A number of businesses and services have closed their doors as violent unrest spread across KwaZulu-Natal and Gauteng, leaving a number of dead and wounded civilians and looted and burned shops in their wake.
The pro-Jacob Zuma protests began last week in reaction to his being jailed for contempt of court, but quickly degenerated into widespread looting and vandalism, with multiple shopping malls ransacked, vehicles torched and public spaces desecrated.
Initially constrained to townships and the eThekwini central business district, the violence in KwaZulu-Natal has spread across Pietermaritzburg and Durban’s suburban areas.
In response, pharmaceutical chains Dis-Chem and Clicks temporarily shut down all branches across the province on Monday. This includes the closure of Covid-19 drive-through testing and vaccine sites – the latest setback in a vaccine roll-out already beset by delays.
Banks, too, have likewise been disrupted. Absa shut down all branches in the province while Standard Bank urged customers to utilise online banking, reporting that the unrest had prevented employees from coming into work.
All public transport services in the region were also halted.
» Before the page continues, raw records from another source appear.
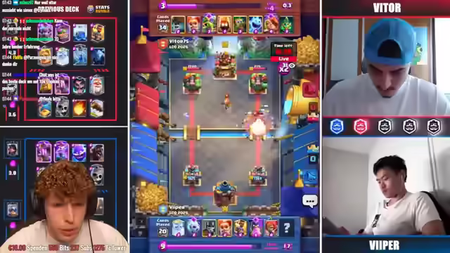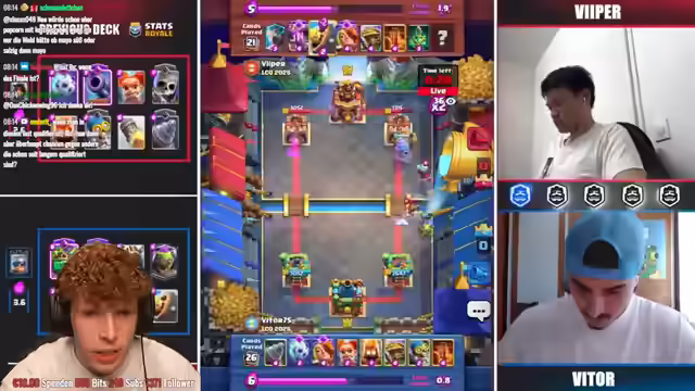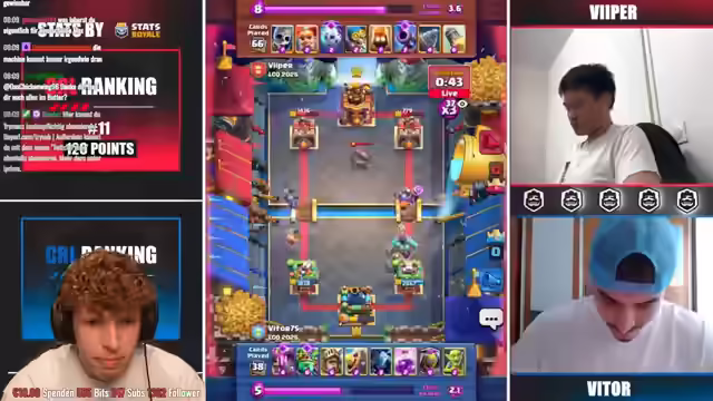 04:01:23Es steht das alles entscheidende Match an. Gewinnt Viper, ist er bei der WM dabei. Gewinnt Vitor, gibt es ein Best of Five. Es ist kein Koch dabei. Viper spielt sein Armeendeck mit Hawke-Echse. Vitor mit E-Spirit, Bomber, Hexe, Skellyking. Viper hat gute Karten mit Kyre und Luftpost. Viper hat Pfeile plus Schneeball. Vitor gewinnt das. Viper ist nicht so konsequent. Er hat nur die Wallis zum Threshern. Es wurde analysiert, dass Viper mit Miner nicht zurückliegen will. Evo Schneeball ist zu massiv. Die Valkyra hat ewig getankt. Es ist ein krankes Game mit 20 HP Unterschied. Viper hat Big Spell Vorteil. Vito hat Skelly King Vorteil und 3 Karten Cycle. Beide können es nicht verteidigen. Es ist immer Damage. Beide sind gleich AP. Es gibt ein allerletztes Best of 5.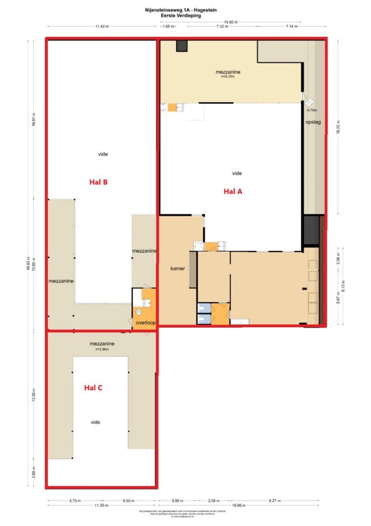 Het totale oppervlak van de betreffende hal is ca. 604 m² verhuurbaar vloeroppervlak, als volgt verdeeld:
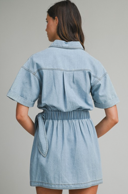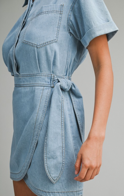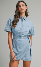 Step into effortless cool with this denim wrap skirt mini dress, a perfect blend of casual charm and modern edge. Crafted from soft, structured denim, this mini dress features a flattering wrap-style skirt that ties at the waist, creating a customizable fit that highlights your natural shape. The denim fabric adds a timeless, laid-back vibe, while the mini length offers a flirty, youthful touch. Versatile enough for daytime outings or weekend adventures, this piece pairs beautifully with sneakers, boots, or strappy sandals for year-round style.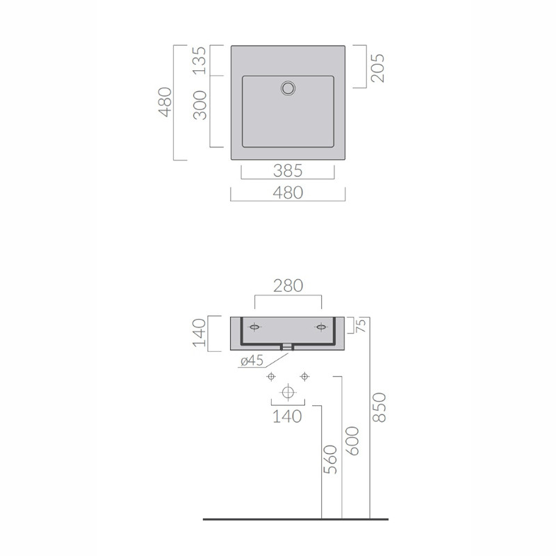 Galassia PLUS DESIGN Umywalka ścienna lub stawiana na blat 48x48 cm Biały 6022SF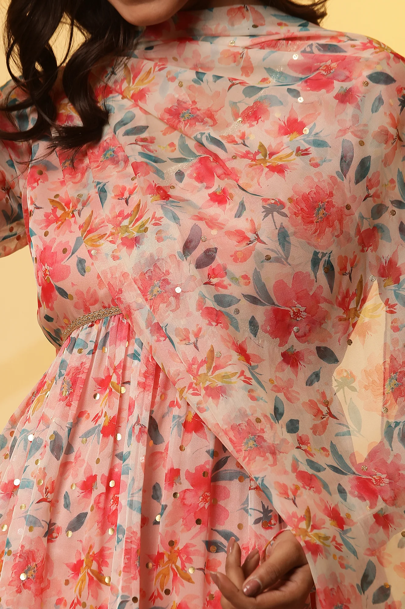 Home Dupatta Multi-coloured Floral Printed Organza Dupatta

In Gauteng, the escalating situation in Alexandra and Jeppestown over the weekend forced a number of local shop owners to stop trading for fear of coming under attack. As tensions grew on Monday morning, a number of shopping malls and businesses across the province were forced into similar action. The Neighbourhood Square in Linksfield and Centurion Mall were just two of many compelled to implement “lockdown procedures”.
By early afternoon, the South African Social Security Agency announced it would suspend cash delivery services to pay points until further notice, a move that will hurt beneficiaries of social grants.
During his address to the nation on Sunday night, which largely focused on South Africa’s response to the Covid-19 pandemic, President Cyril Ramaphosa took time to condemn the violence, noting the damage the mob outbreaks were having on the economy and people’s livelihoods.
“Key infrastructure like national roads have been affected, slowing down the transportation of goods and services that keep our economy running,” he said.
“Property has been destroyed. Cars have been stoned. People have been intimidated and threatened, and some have even been hurt. These acts are endangering lives and damaging our efforts to rebuild the economy.”
The South African National Defence Force has since been deployed in KwaZulu-Natal and Gauteng.